Wednesday, June 24, 2009

Some ramblings on the so-called "Civil War"

About 3 or 4 comment boxes worth of a conversation in Facebook. I like to repost them here for posterity's sake:

I'll just have to chime in on the DiLorenzo bandwagon. I was never a big Lincoln fan, and I always like to remind people that the Lincoln memorial's throne is adorned with the fasces, the bundle of sticks wrapped around an axe that is the symbol of Mussolini's Fascist party, which he took from the Roman Republic. Lincoln has been posthumously elevated to godhood by the high priests of the secular religion of the state, and he was no friend to black Americans, free or slave.

He never ever freed a salve in his whole life. That's a myth that's easy to dispel, and he believed the peaceful co-existence of the races was impossible, and that miscegenation would so enervate the nation as to destroy the Union he had worked so hard to preserve (at the expense of the Constitution).

He had many schemes in mind to round up and deport all the black folks to the Carribean, or Africa or wherever they would be accepted, or meet little resistence. He was loathe to let them be free and equal citizens.
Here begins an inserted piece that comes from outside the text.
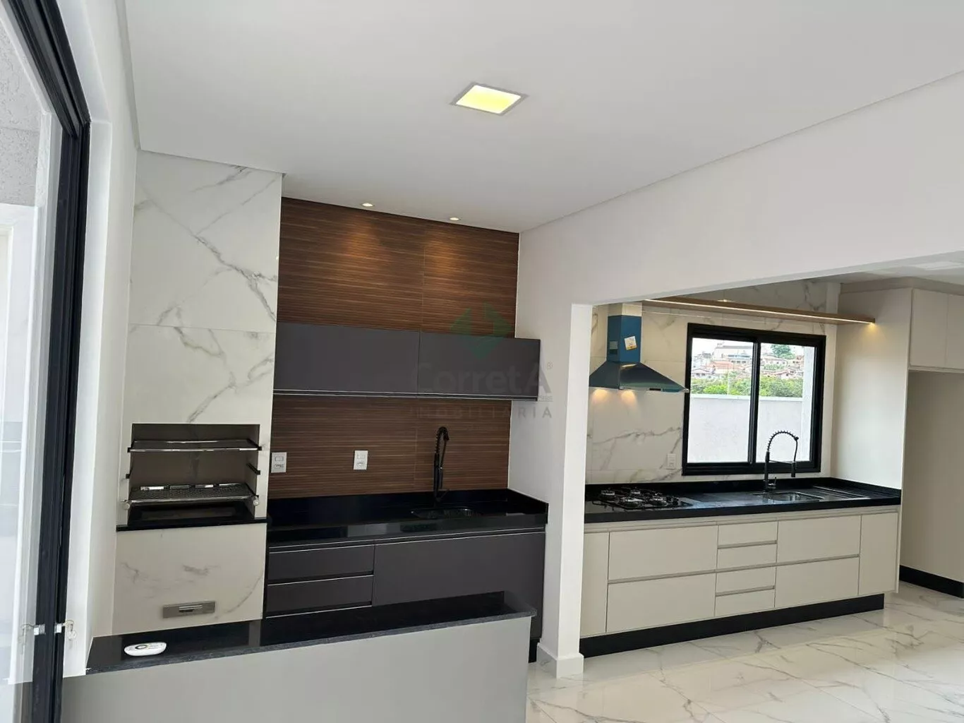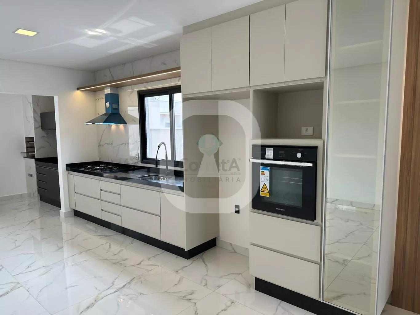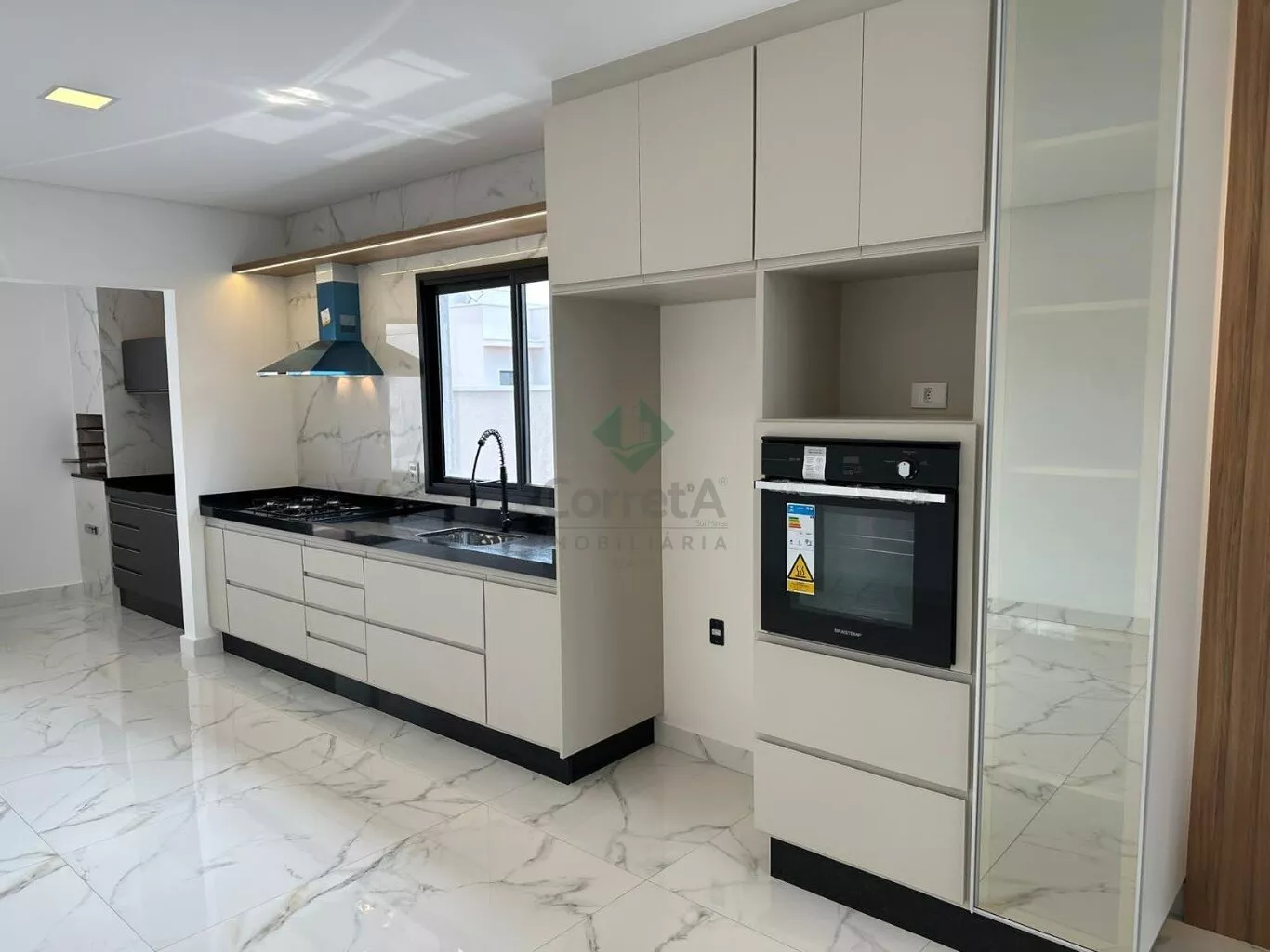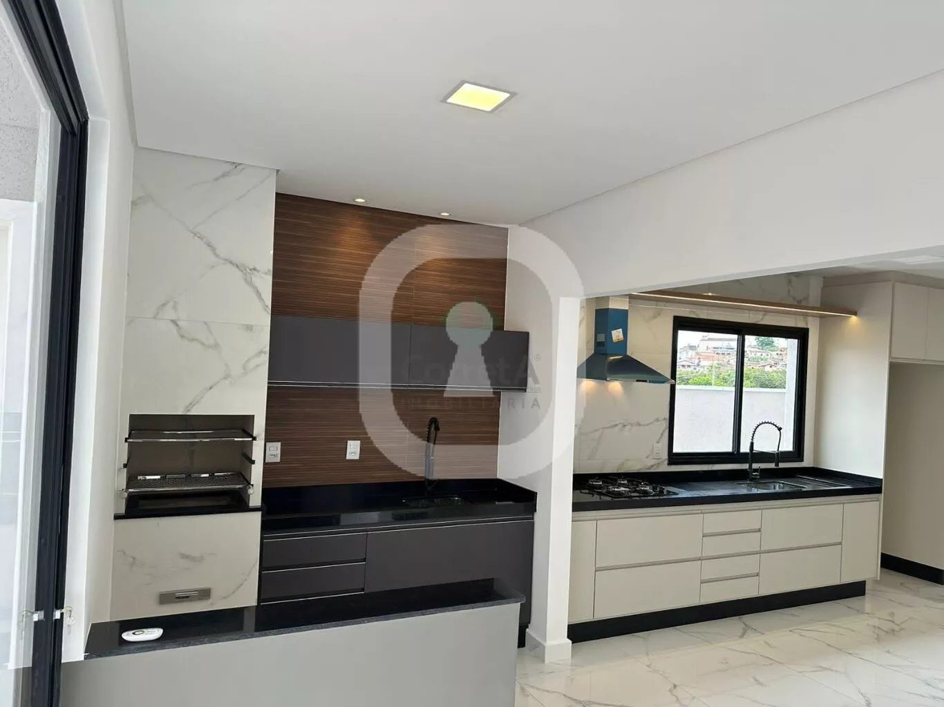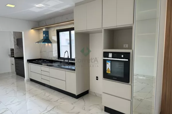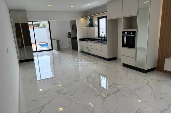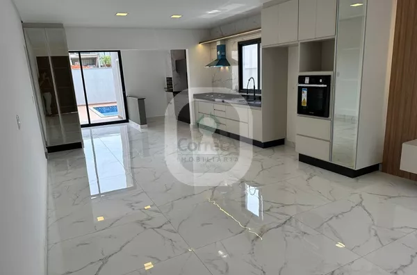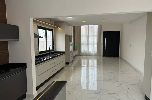 Casa com pé direito duplo, acabamento de primeira linha. Falando dos ambientes integrados desta casa, da sala, da cozinha conjugada com a área de churraqueira. São ambientes conectados ou seja, um espaço de convivência, integrando ambientes e servindo como uma excelente área de socialização entre moradores e seus convidados. Os móveis planejados são da empresa Marcon de Poços de Caldas.

The War of Northern Aggression was won by the more ethically deplorable side, which is hard to admit, given the substantial negative moral weight of slavery. And slavery was indeed an integral part of the reasons for the war, though it was not nearly as central to the narrative as the nation's public school teachers would have your children believe.

It was a factor of economic reality in the South, and there was a substantial abolitionist component among the critics of the Confederacy. Political battles were fought in the preceding decades that turned on whether new states admitted to the union would be free or slave.

But that was about money, and power, and international trade, not about the inhumane and barbaric practice of slavery itself. It's worth noting that no other nation, save Haiti, required armed conflict to end the horrible practice of "Negro slavery."

In the conduct of the war, the comportment of the officers, the treatment of prisoners and "Copperheads," and the suspension of civil liberties like Habeus Corpus and a free press, and most importantly, in the tyrannical, illiberal and imperial justification for fighting the war in the first place, Lincoln and the Yankees demonstrated the profoundly depraved nature of their cause. Sherman's march and the wholesale slaughter of civilians and the burning of Atlanta are indefensible war crimes.

And just to bring home the point that the Union was no bastion of racial harmony, I remind you of just one incident where Sherman's troops, on his order, cut loose a pontoon bridge across a raging river, after waiting for as many of the freed slaves who'd been following them as possible to be onboard. Most, not knowing how to swim and burdened with their meager possessions, drowned.

Free people should be free to choose the nature of their government, and the Declaration of Independence makes clear that when tyranny is visited upon us, it is our right, if not a sacred duty, to throw it off.

The states of the Confederacy were being throttled by taxes and tariffs designed to benefit Northern industry at their specific expense, and these were far more burdensome and costly than anything the Crown had imposed on the colonies. They had every right and reason to secede, and up until that time, it was understood that the country was made up of sovereign states voluntarily associated for the common defense and the facilitation of trade. It was Lincoln who created the Federal Imperium, ending the Constitutional Republic founded by Washington, Adams, Jefferson and their peers, and replaced it with a vulgar and brutish facsimile of Caesar's Rome.

I'm personally confident that had the Confederacy seceded peacefully, slavery would have ended very soon thereafter. But Reconstruction and the suffering that always comes to a conquered people after war exacerbated racial tensions for many more decades, giving rise to the KKK and lynch mobs who made their black neighbors easy scapegoats.

Thus end my dissertation... LOL. Sorry about that. Some would call me racist for even writing that, but I am no racist. I oppose slavery of all kinds, not just that predicated on race. That means I necessarily oppose statism, and favor devolution to more local, and smaller units of political power, with the goal being that ultimately, each of us will be governed only by our conscience, and the knowledge that our neighbors stand ready, willing and able to defend their rights.